A professional poker player has slammed Westpac as ‘tyrannical’, claiming the bank seized his accounts after he stashed ‘sloppy’ cash following poker wins.
The bank demanded to know where Crispin Rover’s funds came from, which amounted to ‘way, way less’ than $10,000, and refused to unblock his account until he told them.
Mr Rover told Daily Mail Australia he only realized there was a problem when he tried to pay with the card at the hotel he was staying at, but the bank refused it.
When she spoke to an ’embarrassed’ Westpac branch manager, she was told the transaction had been flagged because it was made ‘in a different state to where the account is registered’.

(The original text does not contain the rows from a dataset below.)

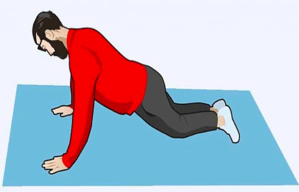 اتخذ وضعية الاستناد على يديك وقدميك مع رفع ركبتيك إلى الأعلى، ومن ثم ابدأ بممارسة تمرين الضغط. كرر التمرين لمدة دقيقتين.
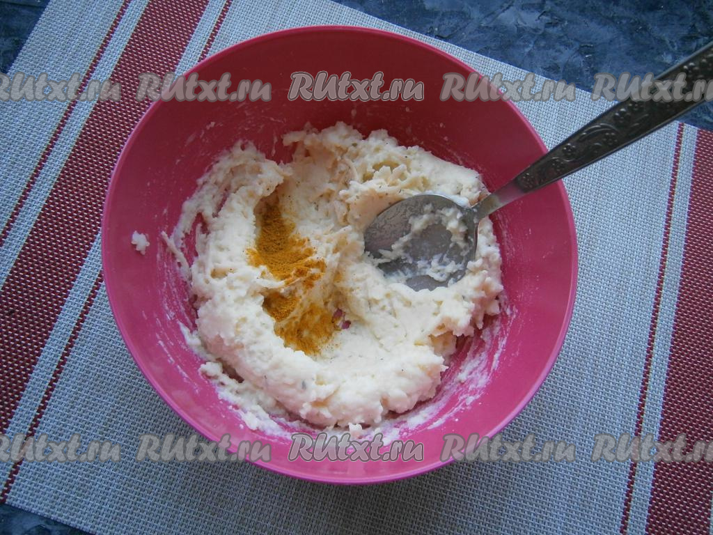 Сюда же добавить порошок карри и вмешать его в тесто.
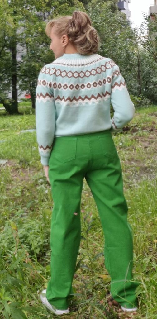 Not like the picture. It's a regular green forest. Thin material, only for summer. A bit big and long, but that's not a problem.

‘They … treated me like a criminal, accessing my account unless I disclosed personal information to them that they were not entitled to. It was a completely illegal standover,’ he said.
Westpac wanted to know the source of Crispin Rover’s deposit, which he did after having a ‘poker session’. Pictured, Mr. Rover in a still from one of his YouTube videos
Although Mr Rover’s deposit was ‘way, way less’ than $10,000 Westpac’s fraud team initially refused to unblock his account until he told them where the cash came from. Later the bank unblocked his account
Mr Rover, who is also an author, refused the bank’s request and took to Twitter on Monday to denounce the ‘sickening and outrageous’ actions of Westpac’s fraud team.
He told the bank where the money came from was ‘none of their business’ even though it was ‘legitimate’.
‘[The fraud team] Refused to name or request in writing, but said the account will not be unblocked until I properly explain these funds,’ he said.
‘To be clear, it was not some huge sum that triggered the money laundering. It was an everyday amount that could affect any normal person.’
The Australian Transaction Reports and Analysis Center (AUSTRAC), a government agency responsible for detecting money laundering, said businesses must report ‘every individual’ cash transaction over $10,000.
Mr Rover claimed his deposit was ‘way, way under’ that threshold.
He described Westpac as a ‘self-appointed jury of ordinary customers guilty until proven innocent.’
Daily Mail Australia makes no suggestion that Mr Rover was involved in any illegal activity.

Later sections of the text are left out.